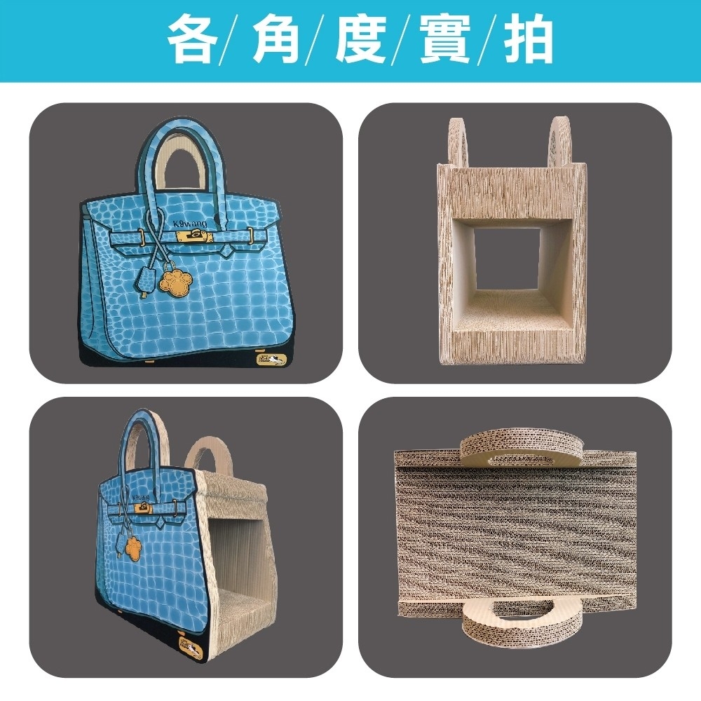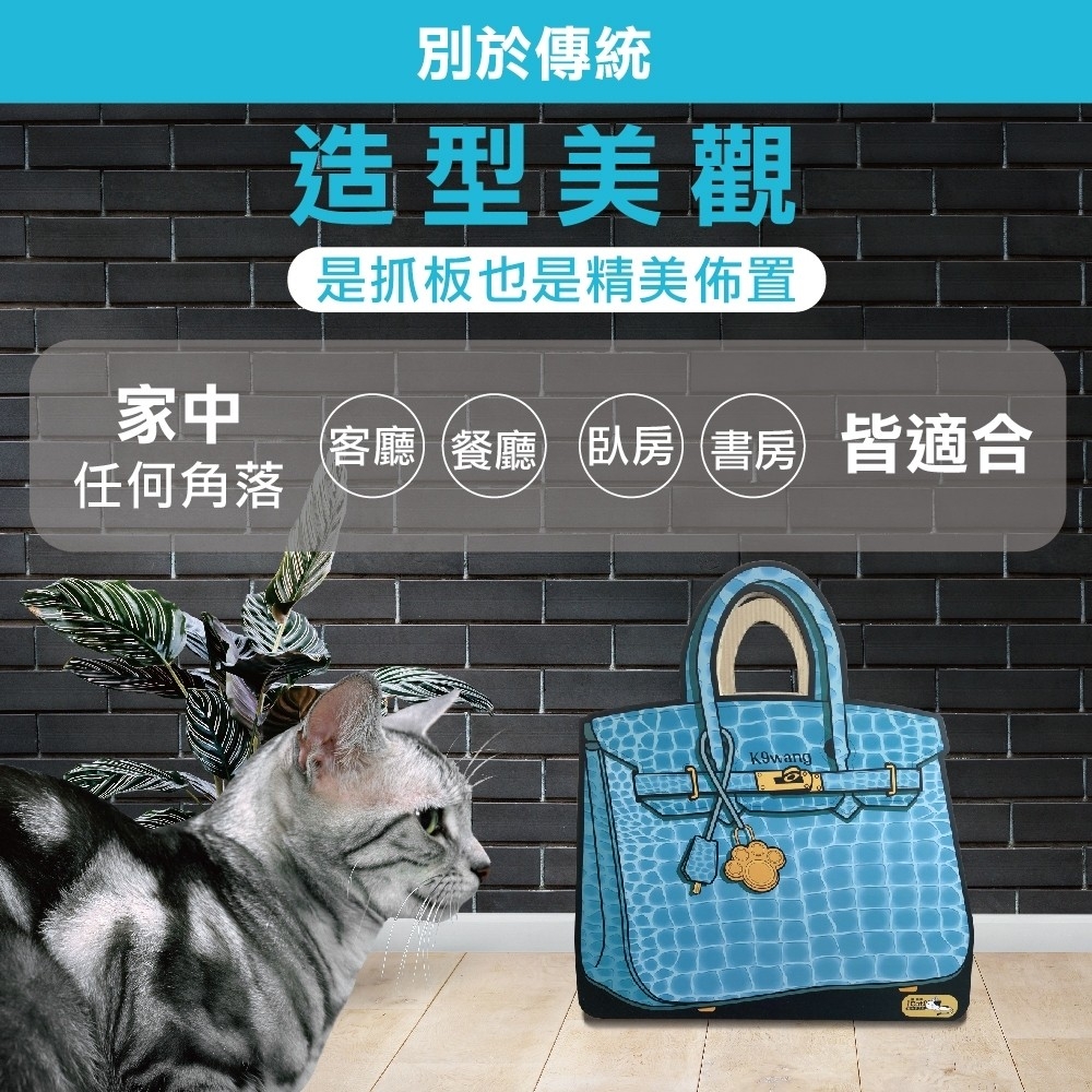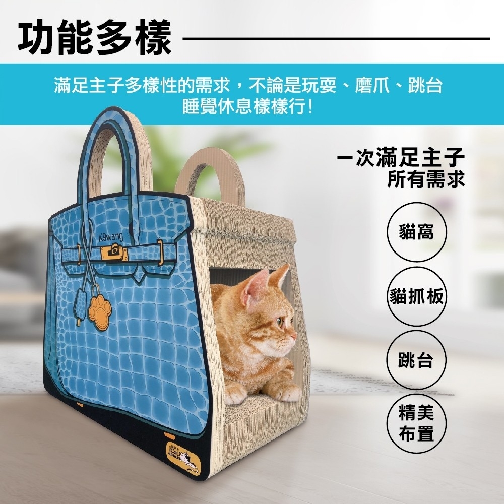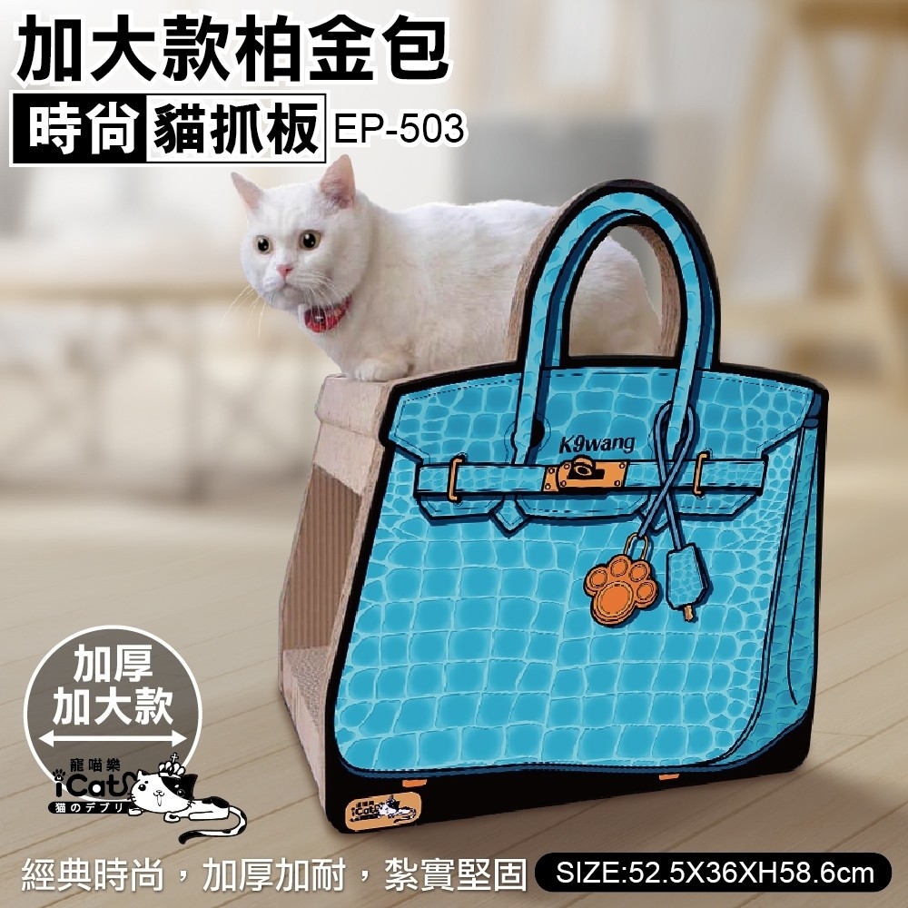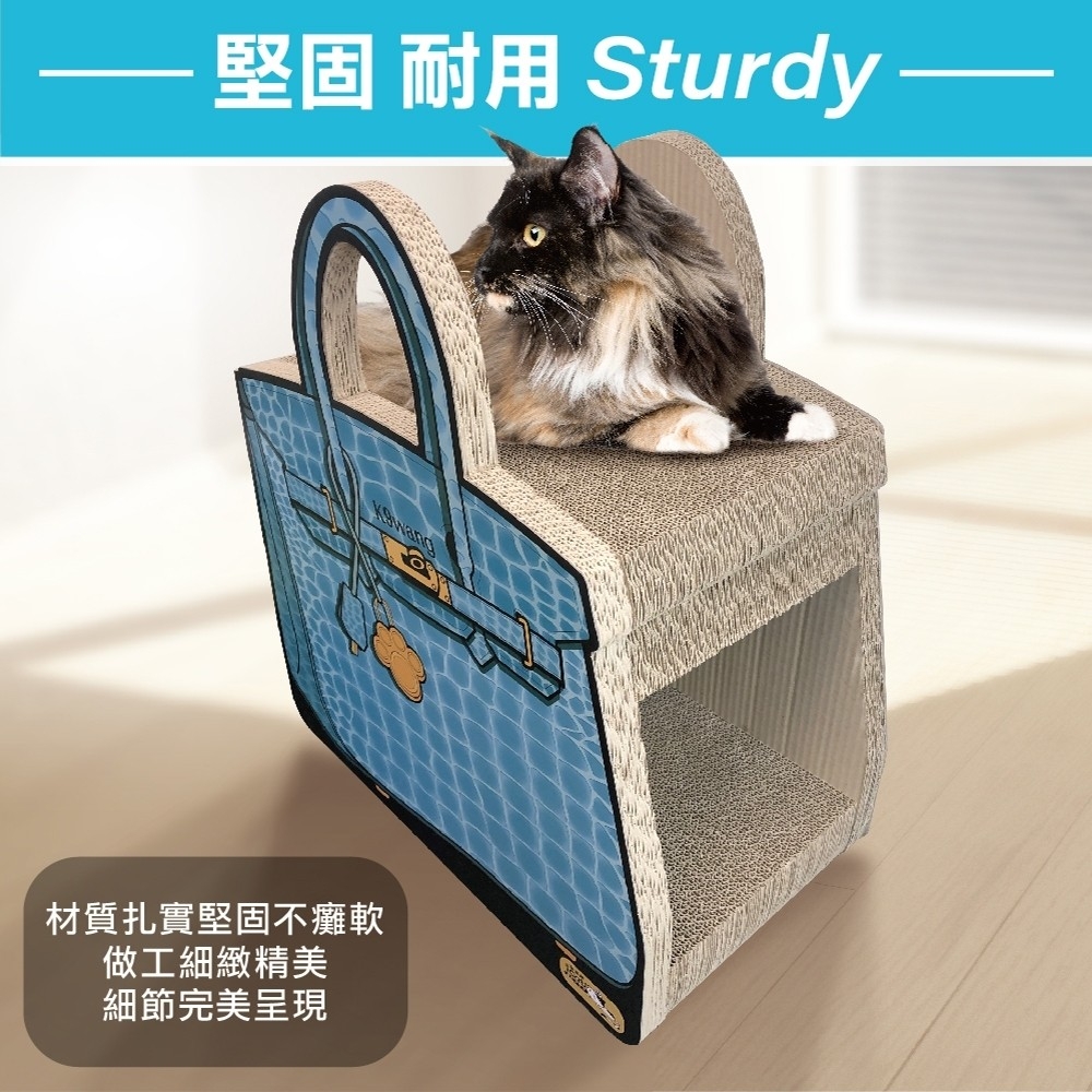 寵喵樂-愛貓加大雙層柏金包藍綠色款貓草貓抓板》EP-503
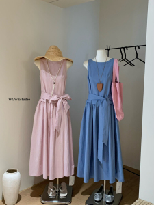 WGWE 夏の女性のフレンチスタイルのハイエンド西洋スタイルウエスト痩身ノースリーブラウンドネックベストドレス W6390
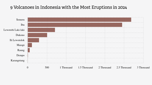 Throughout 2025, MAGMA Indonesia has recorded 6,789 volcanic eruptions across Indonesia. Mount Semeru in East Java has erupted the most, with 2,684 eruptions.
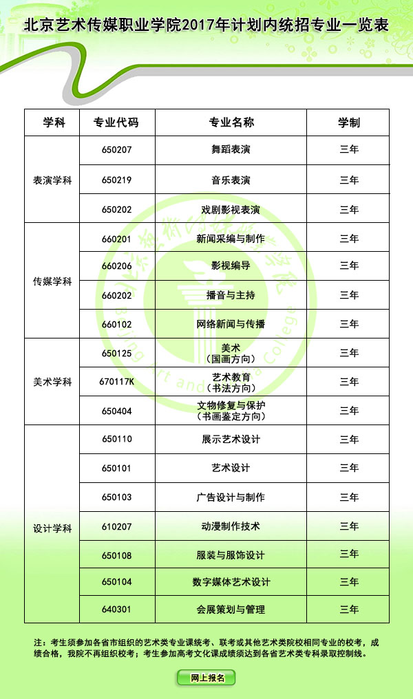 2017年北京艺术传媒职业学院计划内招生及专业介绍
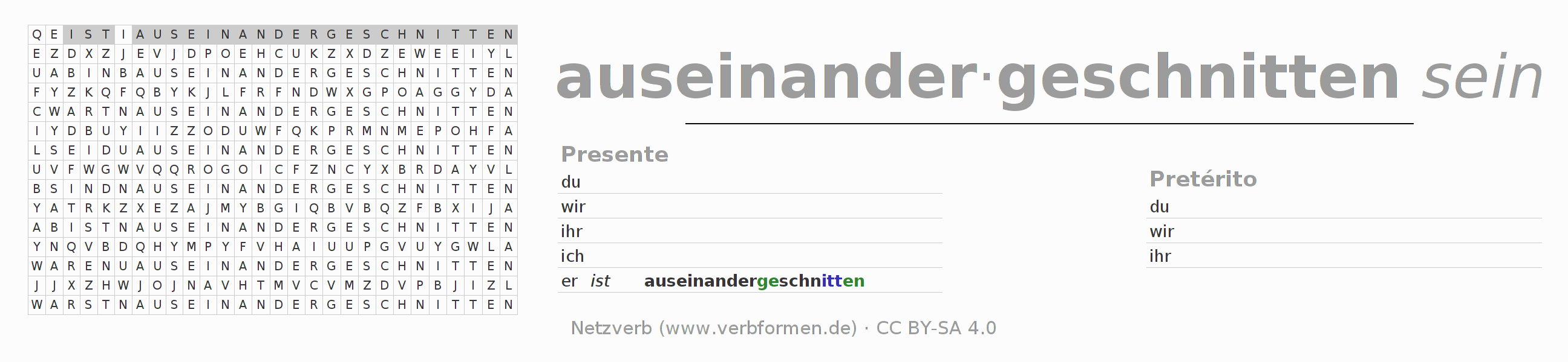 Solução do caça-palavras para a conjugação do verbo auseinanderschneiden
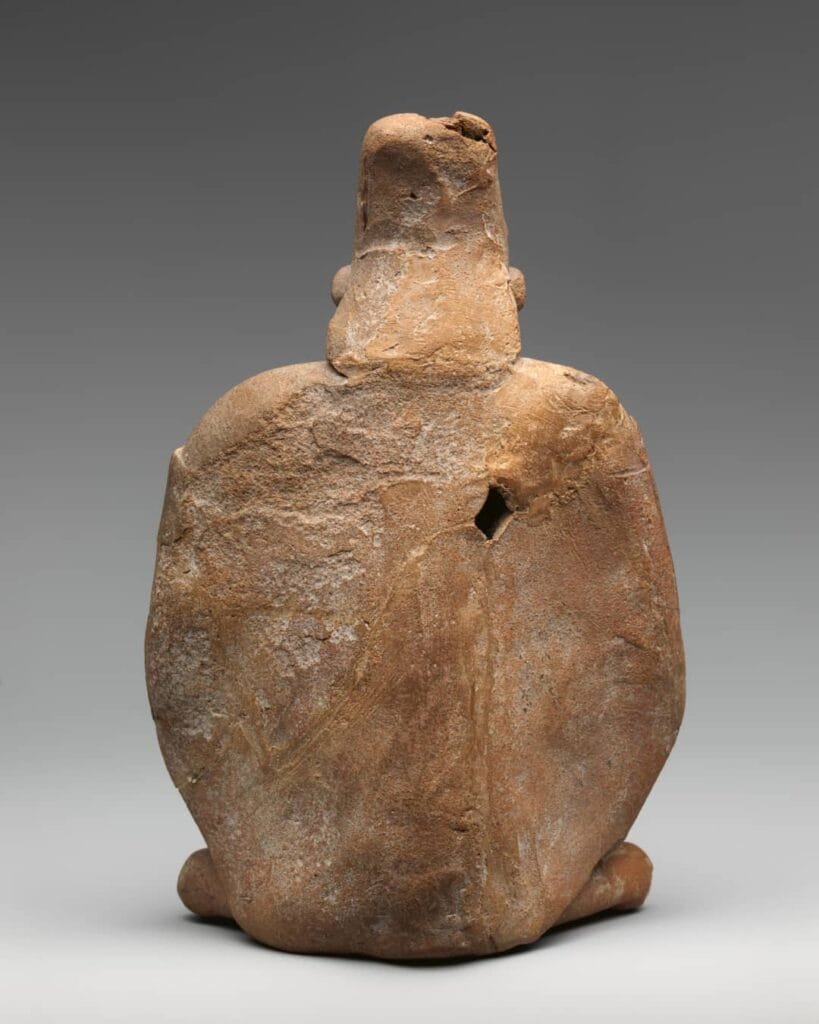 This beautiful piece of classic maya represents a woman with face stoic, dressed according to the custom of his time. The back of the figurine shows a back flat, with openings for a whistle in the right shoulder and the back.
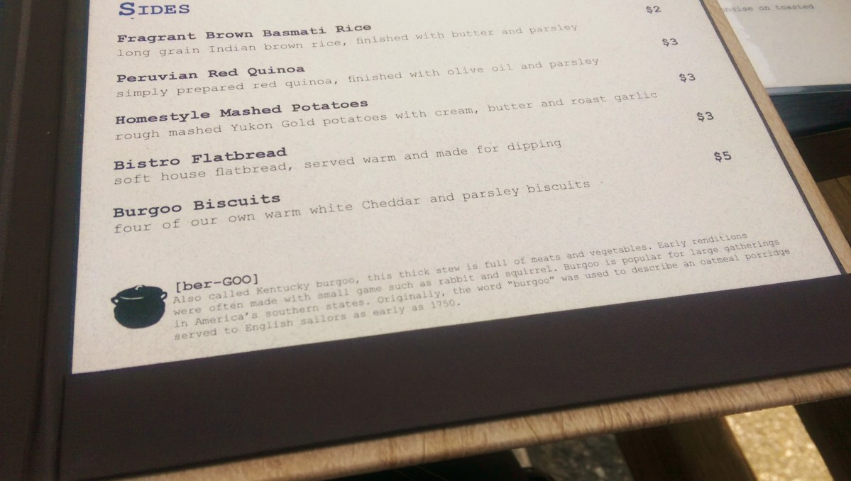 IMAG5798 Published August 9, 2015 at 2688 × 1520 in West Coast Wonder: Vancouver, A Weekend Getaway ← Previous Next → Lunch at Burgoo on Main Street.
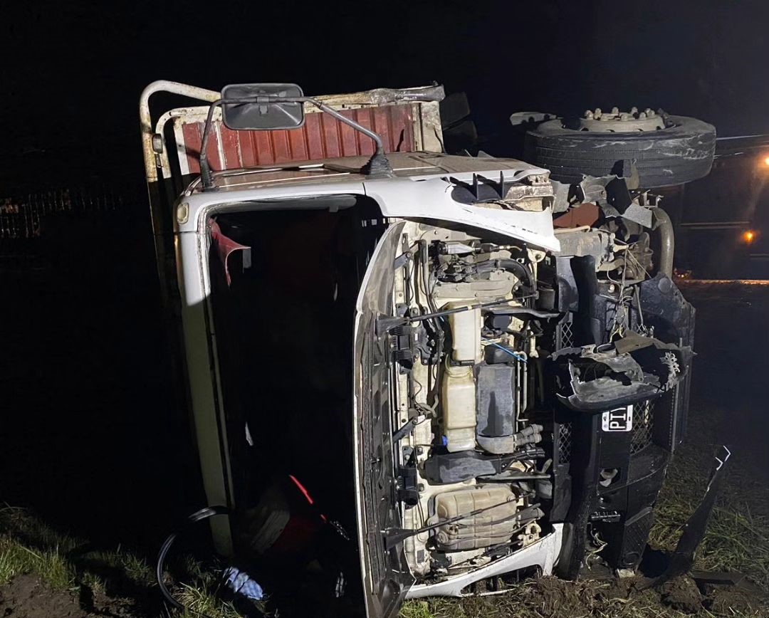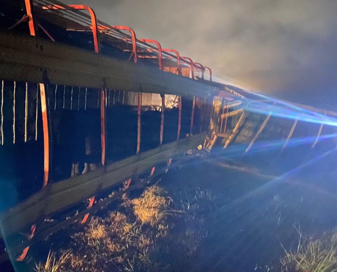 Por la colisión, parte del ganado falleció en el vuelco del Iveco.
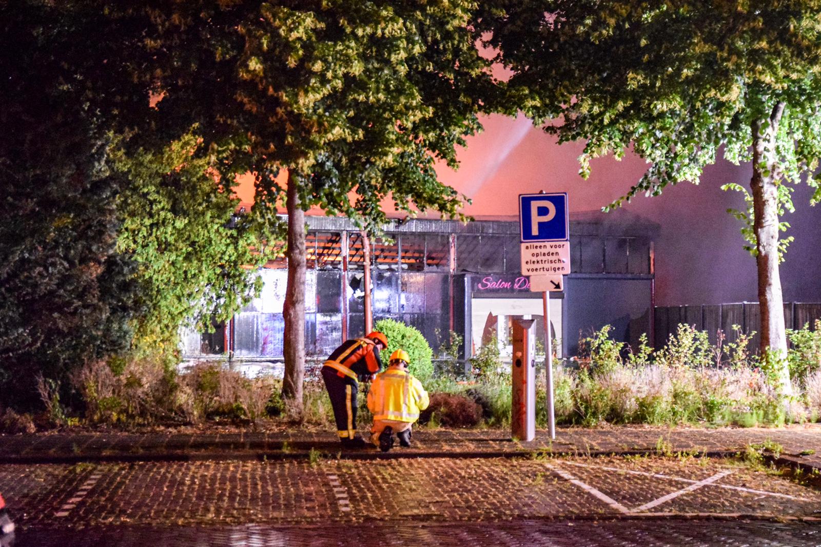 Eerste foto’s van de massagesalon laten zien dat het gebouw zwaar beschadigd is geraakt. Brandweerlieden zijn op dit moment nog volop bezig om het vuur te bestrijden.
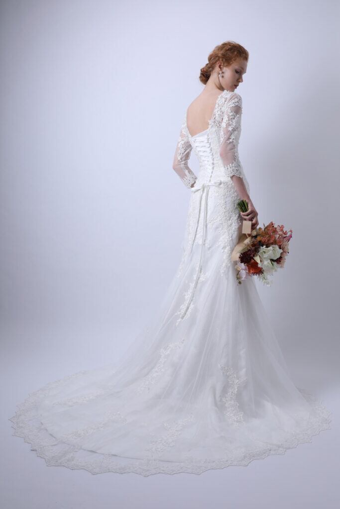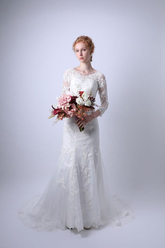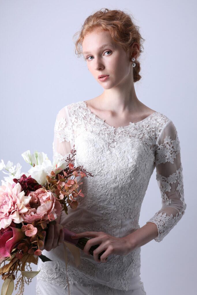 美品!七分袖 ウエディングドレス ソフトマーメイド 繊細レースアップリケ 総レースドレス 美しいボディライン ミディアムドレス パーティードレス
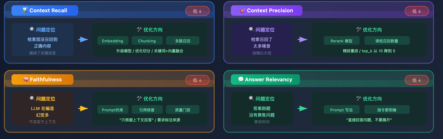 Faithfulness 低,说明 LLM 在编造,幻觉问题多,你回答里说的东西在参考资料里找不到依据,优化方向是加强 Prompt 约束、引入引用核查、或者做检索质量门控,防止低质量上下文进入生成阶段。
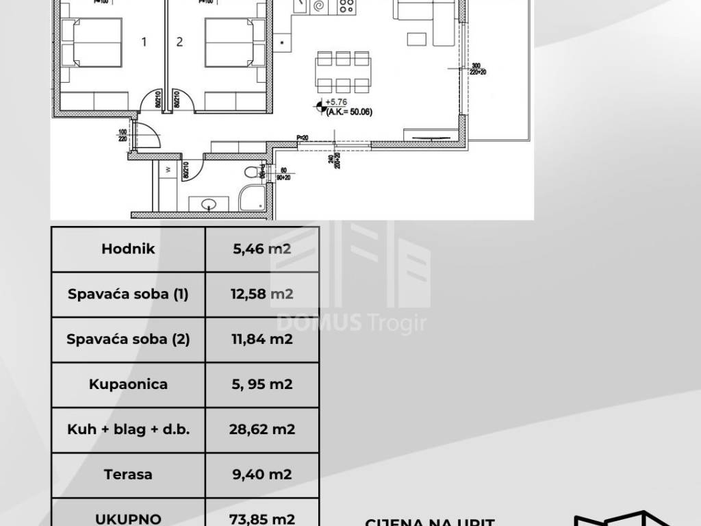 We offer for sale a two-room apartment on the first floor of a residential building under construction in Okrug Gornji.

- - - - -

## What is being asked
Return, exactly as they appear, the lines from the line containing "Por la colisión, parte" through the end of the records above, both ends included, without pictures.

## Expected output
 Por la colisión, parte del ganado falleció en el vuelco del Iveco.
 Eerste foto’s van de massagesalon laten zien dat het gebouw zwaar beschadigd is geraakt. Brandweerlieden zijn op dit moment nog volop bezig om het vuur te bestrijden.
 美品!七分袖 ウエディングドレス ソフトマーメイド 繊細レースアップリケ 総レースドレス 美しいボディライン ミディアムドレス パーティードレス
 Faithfulness 低,说明 LLM 在编造,幻觉问题多,你回答里说的东西在参考资料里找不到依据,优化方向是加强 Prompt 约束、引入引用核查、或者做检索质量门控,防止低质量上下文进入生成阶段。
 We offer for sale a two-room apartment on the first floor of a residential building under construction in Okrug Gornji.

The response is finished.